Skyvior shrugged his six wings. “It could be a number of things.” He began counting off possibilities on his crystalline claws. “Your formidable fangs, eery eyes, poison-tinted talons, smoking wings, the fact that you just materialized out of thin air in the middle of her bedroom… For some reason, such things tend to intimidate humans.”
“Enough!” Dravial snapped impatiently when a pencil shot through him like a dart, trailing a small puff of dark mist as it exited his back. “Can you not see that mere mortal objects have no effect on me?”
Skyvior grinned. “They actually are having an effect on your grand entrance.”
Elina paused from groping for potential projectiles and squinted in his direction as if she had heard his voice. “What…is that light?”
Skyvior’s eyes brightened. “You can see me?”
Dravial grunted, annoyed that she caught even a glimpse of the Lightshifter’s loathsome luminescence. “I assure you, it is something utterly insignificant. Now, will you stop tossing trinkets like a toddler in a temper, and pay me some proper attention?”
Elina continued staring toward Skyvior. “That light…” she murmured. “I know it from somewhere.”
Skyvior’s heart swelled as she reached a hesitant hand toward him. “When I was little, I made up stories about a shadow friend and…I think it was a…pet star?”
Dravial let out a guttural laugh that jerked Elina’s attention back in his direction. “Silly stories of pet stars are for weak little children who cower in fear of the dark for need of an imaginary nightlight. You, Elina Rune, are no longer a child.”
Elina drew her hand back and Skyvior’s light faltered in her vision, dimming to a faint, hazy glow. She cast a nervous glance around her shadow-entangled home, then turned back to Dravial with a shudder. “You know my name?”
The Shadowshifter smiled. “Oh, I know much more than that.”
Elina squeezed her eyes shut and pulled the covers up around her shoulders. “Wake up,” she mumbled. “It’s just a dream. Wake up.”
Dravial leaned in close enough for her to feel his breath brush her face. “You are awake. Awake in the Dreamscape. And if you stop throwing everything within reach at me, we should get along quite nicely here. After all, I am your source of inspiration.”

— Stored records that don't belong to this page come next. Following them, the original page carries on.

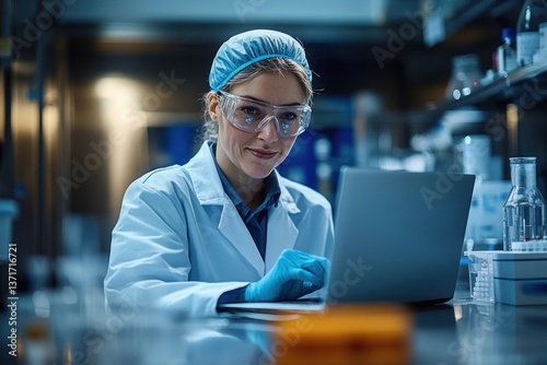 Caucasian Female Chemist Analyzing Liquid in Sterile Modern Laboratory Setting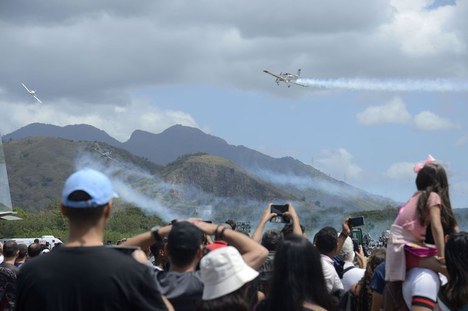 Esquadrilha da Fumaça durante a cerimônia oficial de chegada ao país do coração de Dom Pedro I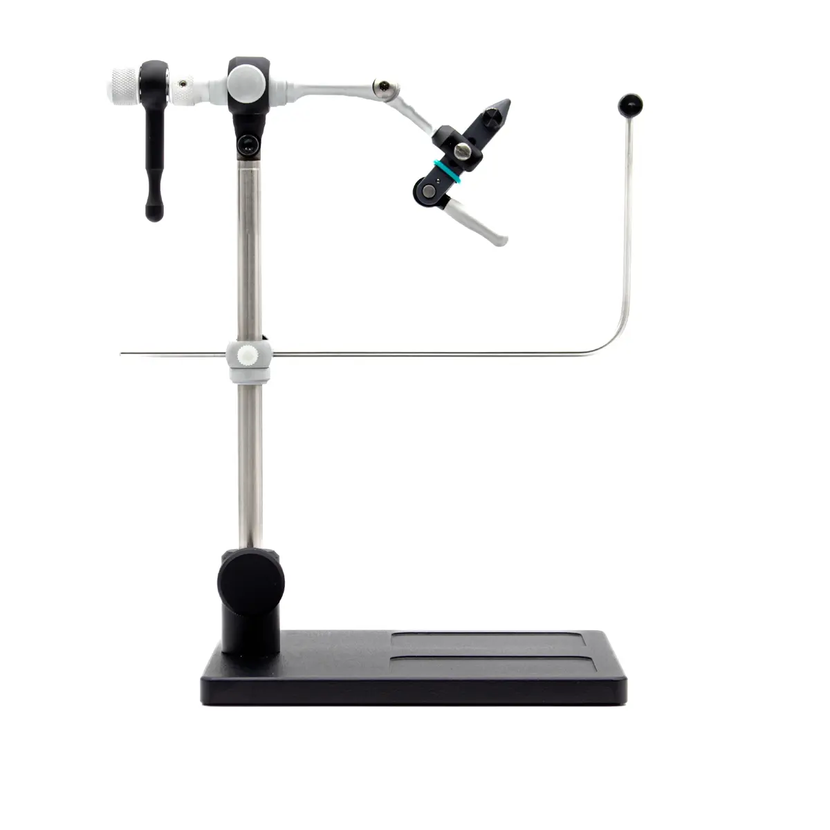 Renzetti Presentation P2004 Pedestal Vise delivers true rotary control, patented cam jaws, and ambidextrous versatility for precise fly tying performance.

Elina reopened her eyes. She was beginning to recognize both Dravial and the sensation of waking within a dream, but the shadows were too thick to allow more than a glimmer of Skyvior’s memory through.
A hint of bitterness hardened her faltering voice. “What inspiration?”

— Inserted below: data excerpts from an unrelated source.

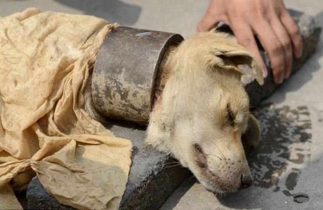 Μέλη φιλοζωικών οργανώσεων έσωσαν έναν σκύλο που βρήκαν να περιπλανιέται στους δρόμους της Taiyuan στην επαρχία Shanxi της Κίνας. Στο λαιμό του είχε περασμένο ένα σιδερένιο κολάρο, που το έπνιγε σιγά σιγά κάθε μέρα!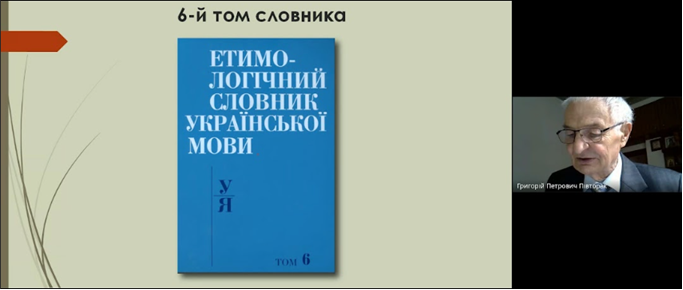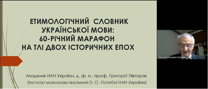 «Етимологічний словник української мови в семи томах: 60-річний марафон на тлі двох історичних епох». Лектор – академік НАН України, доктор філологічних наук, професор Григорій Півторак. Доповідач ознайомив учасників колегіуму зі всіма творчими етапами епохальної праці – від підготовчого з 1964 року до виходу у світ 6-го тому 2012 року, а також розкрив специфіку роботи над словником в умовах комуністичного режиму й після відновлення незалежності України.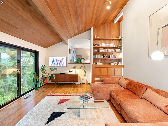 NW Regional modern masterpiece designed by renowned local architects Saul Zaik and Jim Miller, built in 1973. This unique home was meticulously designed to contour the landscape and seamlessly integrate with the surrounding nature. Enter the sunken living room, where a breathtaking wall of windows overlooks a lush forested lot, creating the illusion of floating in the trees. This inviting space features a stunning vaulted wood ceiling, a natural wood feature wall surrounding a travertine fireplace with a built-in floating bench plus original built-in bookcases & cabinets. The spacious kitchen has original wood cabinets and built-ins with plenty of counter space. The adjacent dining room and kitchen are illuminated by glass walls that flood these spaces with natural light while offering views into a private fenced courtyard with a deck, perfect for outdoor dining. The main floor offers a large bedroom, an office with a forested view, along with a full bathroom.The entire upper floor is dedicated to the primary suite, featuring a vaulted wood ceiling and forested views that give it a lofted airy feel, a large walk-in closet, and an en-suite bathroom. The lower level daylight basement includes two additional bedrooms, full bathroom,large laundry room, and a great room with floor-to-ceiling windows providing connection to the outdoors. A double-car garage is conveniently connected to the home on the main level. The exterior is beautifully landscaped with a vegetable and flower garden, a patio for lounging & fire pit gatherings plus a forested backyard on a private double lot with trails throughout, offering many opportunities to explore and enjoy nature. This stunning space is tucked into a culdesac at the top of Gresham Butte with peek a boo views of Mt Hood from front deck and just minutes to Main street with local restaurants+shops, farmers market, Trader Joe's (opening fall 2025), the Gorge, Edgefield and Portland.

Dravial chuckled. “My dear human, you know the ‘random’ ideas of true artists do not simply spring from their own minds. They are given to you.”
Elina’s stare grew intensely suspicious. “If you gave me my inspirations, why did you ‘inspire’ me to burn them?”

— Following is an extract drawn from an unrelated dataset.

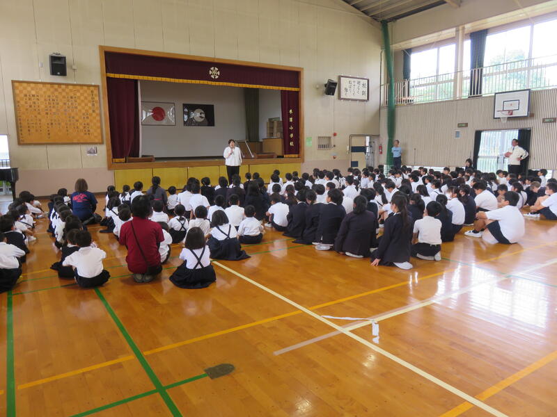 そこで、JICA(国際協力機構)の方に来ていただき、多文化共生についてのお話を全校児童で聞きました。

Dravial rolled his eyes. “Because some of that work did spring from your own mind, and therefore fell under the category of pathetic practice attempts in need of annihilation, rather than inspired art.” He cast a brief sideways glance at Skyvior. “And then there were some fanciful fragments inspired by lesser sources than myself. Those also needed to be cleared away to make space for superior stories.”
Elina drew the blanket higher up on her neck. “Just…just leave me alone and go haunt someone else. I’m tired of bizarre dreams and done with legends.”
“You are done with childishly fanciful fairytales,” Dravial corrected. “And at my recommendation, I might add. But just wait until I open up this place like a book for you…”
With that, he dropped through the floor of the loft, like ink poured from a bottle, his form dissolving into fluid shadows that streamed tracelessly through the cracks between the boards.